*PROBLEM TO SOLVE*
The required output is the exact run of lines below that opens at the line with "1. 클래스 안의 클래스Java" and closes at the line with "1989 Fleer Andre".
======== DATA TO EXAMINE ========
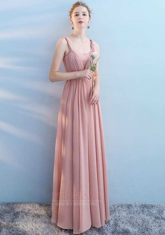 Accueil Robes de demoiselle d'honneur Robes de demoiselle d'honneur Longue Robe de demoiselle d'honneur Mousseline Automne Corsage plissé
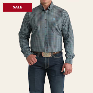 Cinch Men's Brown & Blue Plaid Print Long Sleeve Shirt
========
======== DATA TO EXAMINE ========
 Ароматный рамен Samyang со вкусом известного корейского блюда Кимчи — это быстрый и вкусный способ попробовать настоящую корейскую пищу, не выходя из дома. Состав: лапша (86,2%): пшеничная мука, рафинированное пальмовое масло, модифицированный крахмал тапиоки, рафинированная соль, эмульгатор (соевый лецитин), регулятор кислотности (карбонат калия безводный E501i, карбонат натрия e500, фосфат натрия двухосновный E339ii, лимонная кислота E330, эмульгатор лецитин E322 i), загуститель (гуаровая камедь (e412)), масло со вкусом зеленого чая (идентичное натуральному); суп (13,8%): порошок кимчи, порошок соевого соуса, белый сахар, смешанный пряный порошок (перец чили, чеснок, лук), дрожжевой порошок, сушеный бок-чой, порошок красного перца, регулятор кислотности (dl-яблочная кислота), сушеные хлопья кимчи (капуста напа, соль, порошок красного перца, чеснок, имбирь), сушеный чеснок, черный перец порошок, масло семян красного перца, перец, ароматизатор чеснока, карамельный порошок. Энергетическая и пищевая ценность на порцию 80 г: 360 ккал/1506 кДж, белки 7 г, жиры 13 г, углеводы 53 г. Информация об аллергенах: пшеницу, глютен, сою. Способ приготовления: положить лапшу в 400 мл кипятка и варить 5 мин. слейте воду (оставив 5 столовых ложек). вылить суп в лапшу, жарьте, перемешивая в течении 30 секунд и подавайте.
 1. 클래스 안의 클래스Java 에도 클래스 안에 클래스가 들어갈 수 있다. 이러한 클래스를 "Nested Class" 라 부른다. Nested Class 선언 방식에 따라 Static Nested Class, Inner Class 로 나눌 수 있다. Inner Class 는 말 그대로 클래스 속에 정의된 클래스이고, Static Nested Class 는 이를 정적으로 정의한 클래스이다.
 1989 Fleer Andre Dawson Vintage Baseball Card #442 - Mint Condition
========
*SOLUTION TO THE EXERCISE*
 1. 클래스 안의 클래스Java 에도 클래스 안에 클래스가 들어갈 수 있다. 이러한 클래스를 "Nested Class" 라 부른다. Nested Class 선언 방식에 따라 Static Nested Class, Inner Class 로 나눌 수 있다. Inner Class 는 말 그대로 클래스 속에 정의된 클래스이고, Static Nested Class 는 이를 정적으로 정의한 클래스이다.
 1989 Fleer Andre Dawson Vintage Baseball Card #442 - Mint Condition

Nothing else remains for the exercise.